Background

Human immunodeficiency virus (HIV) infection has become a major contributor to the global burden of disease, with nearly 35.3 million people infected in 2012 and sub-Saharan Africa accounting for 70.8% of the infected population [1]. Fortunately, with the introduction of antiretroviral therapy (ART), the number of AIDS-related deaths has steadily declined, and the life expectancy of HIV-infected people has reliably increased. Now, in addition to finding treatments to prevent and cure HIV infection, attention has shifted toward improving HIV-infected people’s quality of life.

Psychological health is essential to quality of life. Previous studies have shown that people living with HIV are vulnerable to mental health problems, including depression, anxiety, suicidal behaviour, and substance abuse [2]. A high prevalence of depression among HIV-infected people has been reported to result in decreased life quality, low adherence to antiretroviral medications, and increased mobility [3,4,5]. Moreover, a cross-sectional study concluded that among people living with HIV/AIDS, women presented more severe symptoms of depression than men [6].
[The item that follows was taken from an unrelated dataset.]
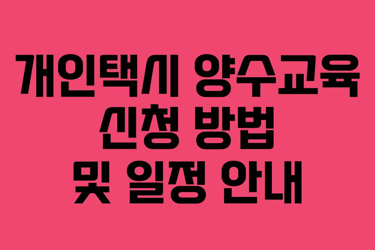 개인택시 양수교육은 개인택시 면허를 양수하고자 하는 분들에게 필수적인 과정입니다. 이 교육은 3년 유효기간을 가지며, 필요한 요건과 신청 방법을 자세히 알아보겠습니다.

It has been reported that 25.9% of women who are HIV-positive intend to have children [7], and this population might face considerable psychosocial challenges because the impact of a chronic illness could be complicated by the demands of pregnancy. A systematic review that included 22 studies conducted in Africa examined the prevalence of perinatal depression in HIV-infected women and found that the weighted mean prevalence of antenatal and postnatal depression was 23.4 and 22.5%, respectively [8].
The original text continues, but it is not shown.